Cape Town was very lucky to host Wikimedia Foundation’s Senior Program Officer Asaf Bartov at the end of his Africa tour. We held a meetup, and it proved particularly inspiring to those attending.
Asaf spoke about Wikidata, discussed projects using the data, and demonstrated a number of tools that were new to most of us, such as https://query.wikidata.org, which uses the SPARQL query language to query Wikidata content.
Wikidata adds structure to the content which makes pulling out all kinds of related information possible. Wikipedia data is fairly unstructured. Numerous categories exist, so if you’re looking for, say, a list of South African politicians, there’s both a list page and a category page.

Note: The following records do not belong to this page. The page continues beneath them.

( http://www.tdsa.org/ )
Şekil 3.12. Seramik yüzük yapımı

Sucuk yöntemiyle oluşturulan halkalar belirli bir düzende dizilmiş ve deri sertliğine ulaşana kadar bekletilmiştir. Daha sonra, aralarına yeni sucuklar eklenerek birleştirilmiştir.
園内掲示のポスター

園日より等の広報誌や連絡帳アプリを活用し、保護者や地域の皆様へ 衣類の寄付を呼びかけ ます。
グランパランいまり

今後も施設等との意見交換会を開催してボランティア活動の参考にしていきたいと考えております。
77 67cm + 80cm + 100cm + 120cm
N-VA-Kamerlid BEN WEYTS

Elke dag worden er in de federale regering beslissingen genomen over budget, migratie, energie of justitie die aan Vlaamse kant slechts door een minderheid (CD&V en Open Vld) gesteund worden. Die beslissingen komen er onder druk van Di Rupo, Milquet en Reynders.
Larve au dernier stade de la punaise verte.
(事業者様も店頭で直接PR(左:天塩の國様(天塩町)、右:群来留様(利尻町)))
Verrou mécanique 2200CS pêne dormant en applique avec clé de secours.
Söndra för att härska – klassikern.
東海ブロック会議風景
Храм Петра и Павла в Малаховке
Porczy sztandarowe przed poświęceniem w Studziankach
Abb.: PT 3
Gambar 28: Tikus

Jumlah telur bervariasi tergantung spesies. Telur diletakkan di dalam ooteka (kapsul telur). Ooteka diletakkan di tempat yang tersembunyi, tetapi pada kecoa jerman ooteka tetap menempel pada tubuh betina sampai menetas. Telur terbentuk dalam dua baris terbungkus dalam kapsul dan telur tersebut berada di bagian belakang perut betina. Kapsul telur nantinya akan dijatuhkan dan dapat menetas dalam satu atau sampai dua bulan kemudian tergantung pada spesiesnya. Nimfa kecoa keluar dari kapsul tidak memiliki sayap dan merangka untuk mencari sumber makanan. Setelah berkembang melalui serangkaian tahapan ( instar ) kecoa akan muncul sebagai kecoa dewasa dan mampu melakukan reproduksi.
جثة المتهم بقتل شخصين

However, if you want something more detailed, such as a list of South African politicians that have a father that was a politician, without lots of manual slogging, Wikipedia alone won’t be much help. That’s where https://query.wikidata.org comes in, and once familiar with SPARQL, such questions are easy to answer.
Even more exciting to me was Quarry. Years ago I remember toying with the idea of downloading a Wikipedia database dump, but at the time the massive download would probably have ground South Africa’s internet to a halt. Quarry is an interface for running SQL queries directly on the Wikimedia Foundation’s backend MariaDB databases. The bar to getting something useful is a little higher than on https://query.wikidata.org, as to use it effectively requires getting to know the data structure, but since access is direct, it’s a tremendously powerful tool to extract almost anything you want.

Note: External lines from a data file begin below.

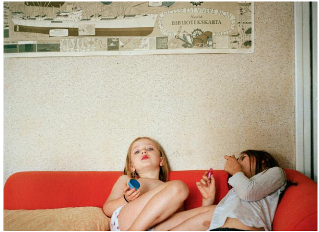
2 © Hertta Kiiski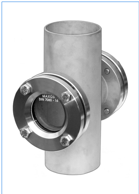
Contrôleur visuel de circulation, gamme S-VA, type S-VA 80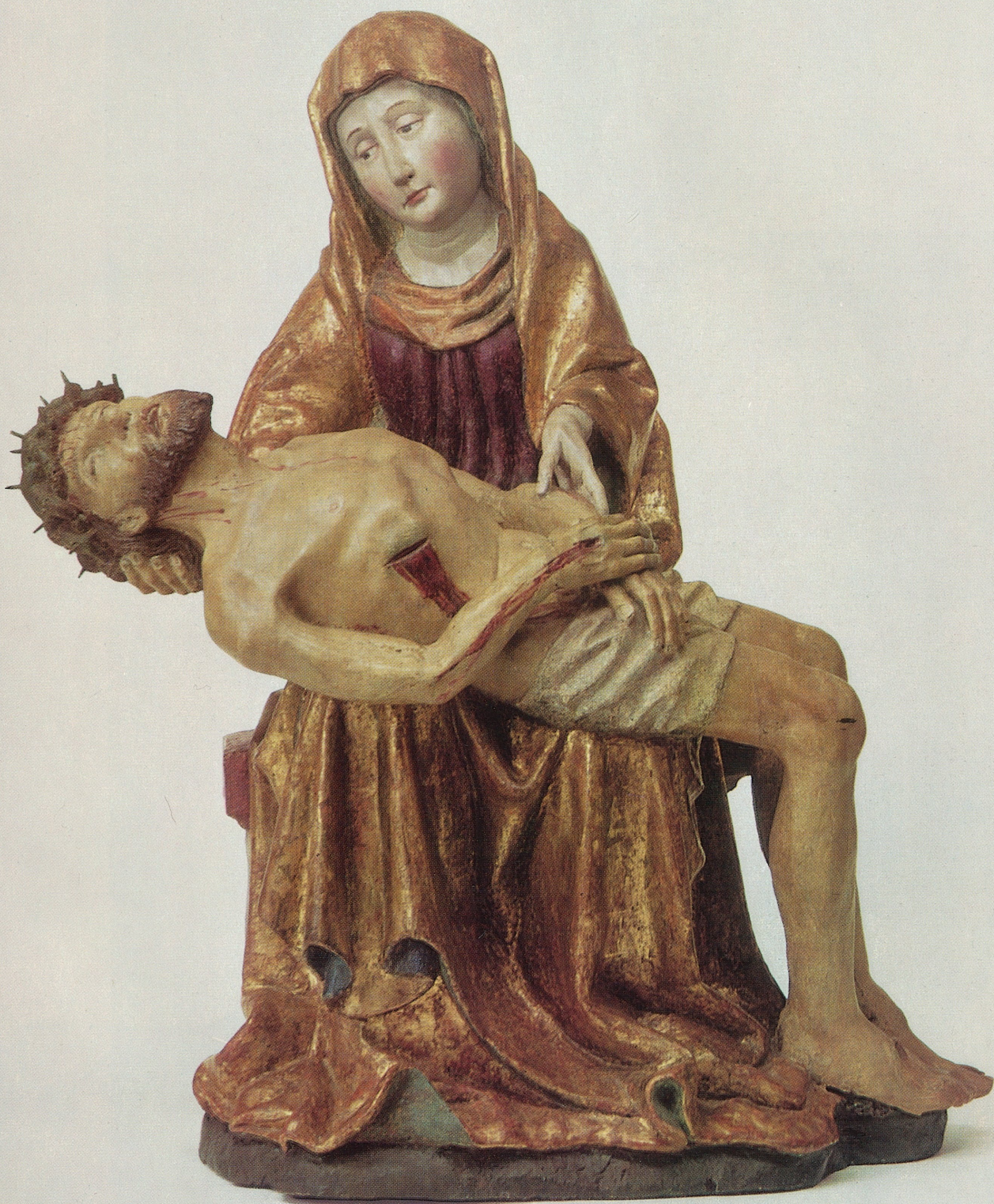
XXI Marienklage, Köln, um 1470, Kat. Nr. 155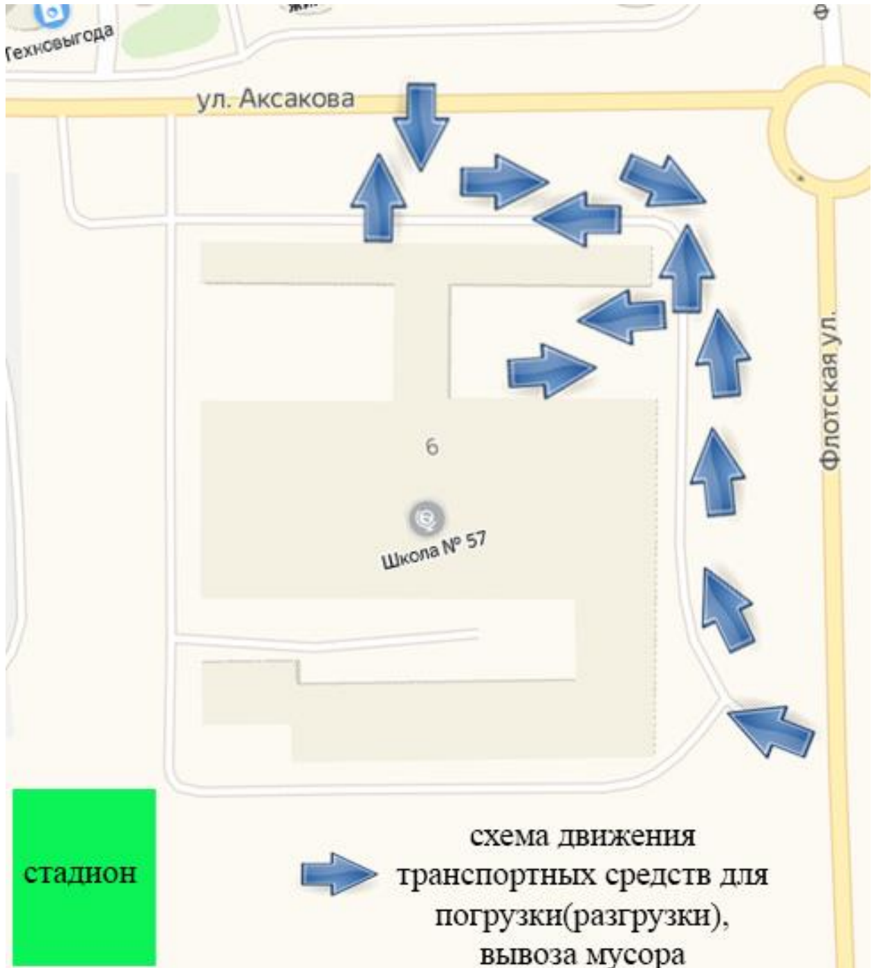
Схема пути движения транспортных средств к местам разгрузки/погрузки, вывоза мусора по территории образовательного учреждения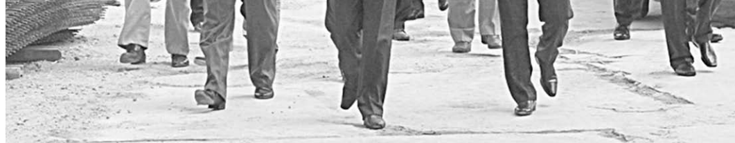
Визит генерального директора Госкорпорации «Росатом» Сергея Кириенко на Нововоронежскую АЭС-2 (2 августа 2013 г.).

Кстати, многие новшества, внедряемые на НВ АЭС-2, можно смело отнести к российскому ноу-хау. К примеру, впервые на распределительных подстанциях атомной станции использованы комплектные распределительные устройства 220/500 кВ с элегазовым изоляцией. Данное оборудование отличает компактность, надёжность и безопасность в обслуживании. Та же турбина энергоблока №1, основные работы по монтажу которой завершены в марте нынешнего года, будет самой крупной в России и по мощности – 1200 мВт, и по скорости вращения – три тысячи оборотов в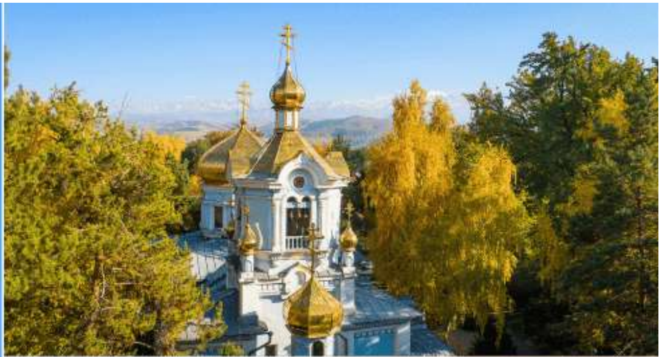
KAZAN ICON OF THE MOTHER OF GOD CATHEDRAL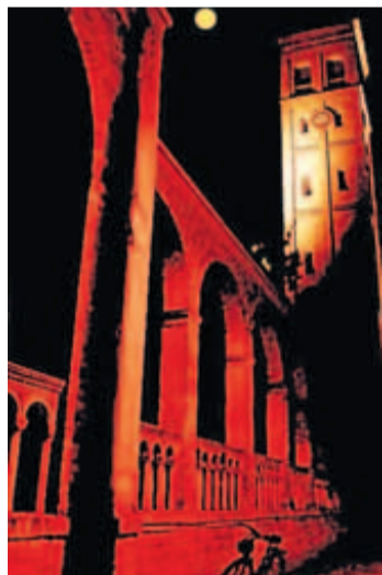
Die Bornstedter Kirche.

HERZLICH GRÜSST PFARRER FRIEDHELM WIZISLA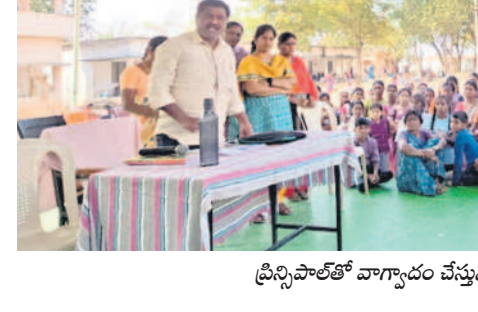
ప్రిన్సిపాల్ తో వాగ్వివాదం చేస్తున్న విద్యార్థినుల తల్లిదండ్రులు

The easiest way to get started is to take someone else’s query and modify it. For example, here is a query listing pages from the Afrikaans Wikipedia that don’t have an Afrikaans label on Wikidata, which I forked from Asaf’s demo run during the meetup: https://quarry.wmflabs.org/query/27283
I can already see myself diving in and automating and expanding the (semi) regular African language updates I do, or getting automatic notifications of activity in some of the small South African language Wikipedias.

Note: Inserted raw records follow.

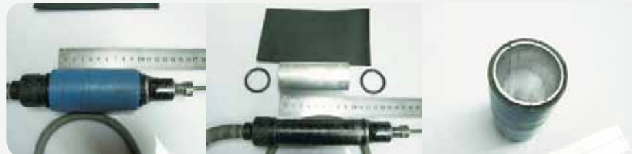
Fot. 6. Pilnik z nową osłoną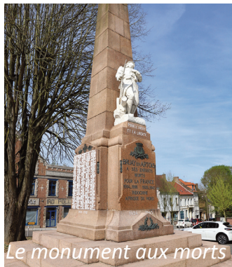
Le monument aux morts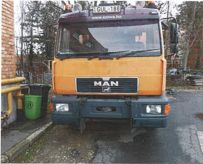
1, A GUL-188 forgalmi rendszámú tehergépkocsi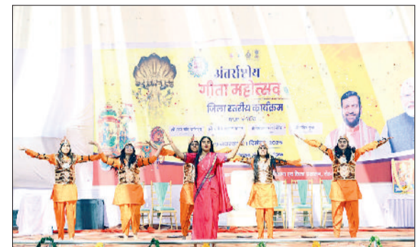
रोहतक। कार्यक्रम में अपनी प्रस्तुति देते प्रतिभागी।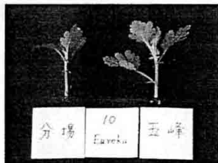
不同海拔高度生產的插穗之比較。

，主要為有效水養份供給較少所造成。以點滴灌溉及潮汐灌溉栽培盆菊可自動化進行澆水的工作，節省澆水的人工，但在點滴灌溉上需要注意水質以避免點滴管的阻塞，另外滴灌及潮汐灌溉在澆水時也可透過肥料稀釋器同時進行施用液體肥料。潮汐灌溉重複使用灌溉用水可避免肥料對環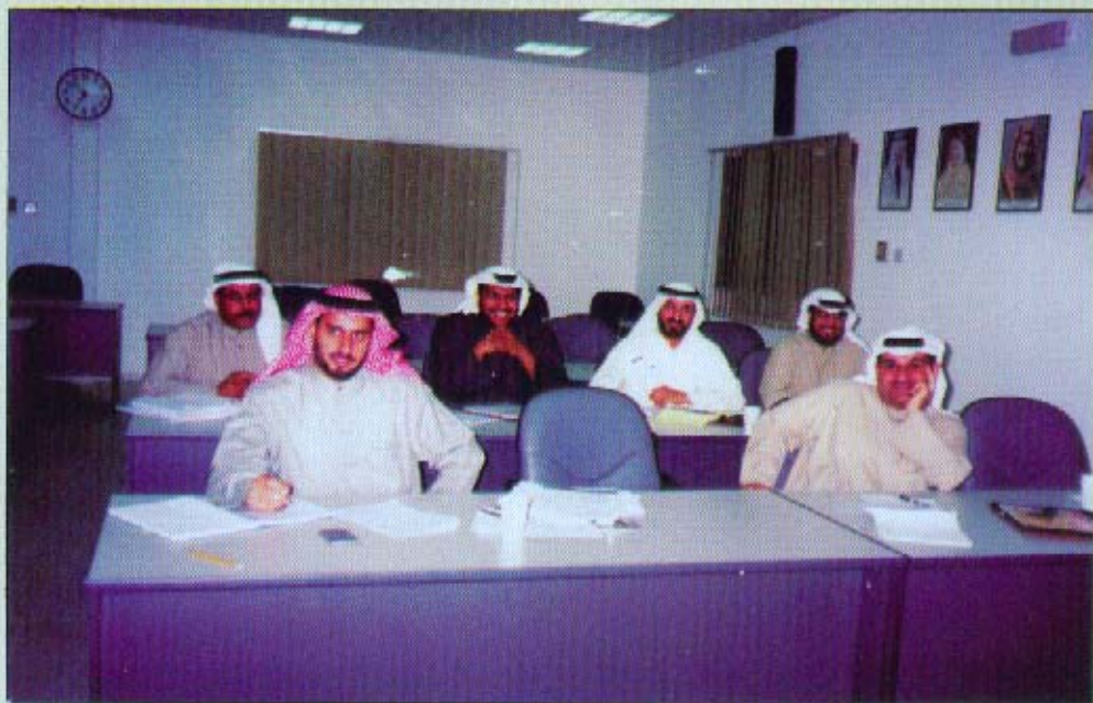
من الدورة التأهيلية الخاصة بإمتحان القيد في سجل مراقبي الحسابات

تم عقد الدورة التأهيلية للراغبين من أعضاء الجمعية في أداء امتحان القيد في سجل مراقبي الحسابات بوزارة التجارة والصناعة خلال الفترة من ٢٠٠١/١٠/١٣ وحتى ٢٠٠١/١٢/١٩ وقد شارك فيها (١٥) مشارك من أعضاء الجمعية ، حيث تتضمن تدريس مواد الامتحان وهي ( المحاسبة المالية - نظرية المحاسبة - محاسبة التكاليف - المراجعة ) ويقوم بتدريسها نخبة من اساتذة الجامعة المتخصصون ، و جدير بالذكر بأن الجمعية حرصت على عقد تلك الدورة بواقع مرتين في العام خدمة لأعضائها الراغبين في أداء امتحان القيد ، كما تقوم بدعم هذه الدورة مادياً حيث تتحمل ٢٥% من قيمة تكلفة الدورة تشجيعاً لأعضائها على المشاركة فيها وكذلك على الانخراط في مجال المهنة.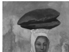
Picasso dona dels pans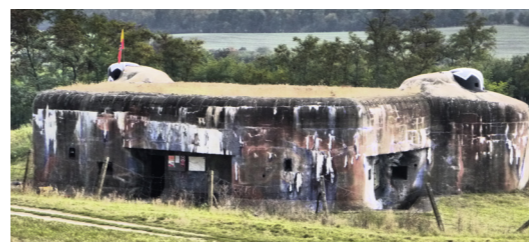
10) Pěchotní srub MJ – S 29 / Mikulov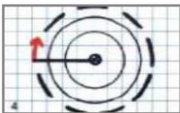
4. Augmente l'écartement du compas. Pique la pointe sur le même point et trace le dernier cercle encore plus grand.

Si tu as réussi ton tracé dans le cahier de brouillon, tu peux essayer de faire la même chose sur une feuille blanche.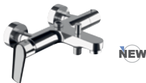
V 34 Miscelatore vasca/doccia con attacco alto da 1/2" ed attacco inferiore da 1/2". Bath/shower mixer with upper 1/2" connection and lower connection 1/2".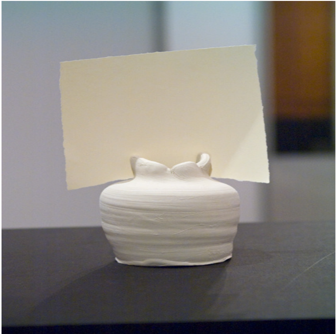
Detail (aus Hasu) 2013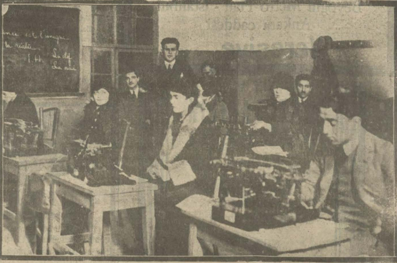
Galata Saray Lisesinde bir daktilo kursu açılmıştır. Buraya oir çok hanım ve beyler devam ediyorlar.

And if those listed above are not enough, Asaf has a tool section on his user page listing yet more wonderful tools you’ve probably never heard of.
Thanks Asaf for taking the initiative to pay a visit to some of the African Wikimedia communities, and leaving a trail of inspiration in your wake.
Thanks Ian. You may be interested in a new tool called WikiChron ( wikichron.science ) which visualises contributions in real time. I farted around for weeks with spreadsheets for my dissertation. It’s supposedly demonstrated in this video but I couldn’t find it https://www.youtube.com/watch?v=Y9lvXVJCiyc
Yes, we attended the Joburg leg of his visit and were also left inspired… I particularily loved the Wikidata query tool which I used when I visited mozambique for a WikiGAP workshop. This time I liked the Massview tool which is useful to show page view of say a Wikipedia Category!!!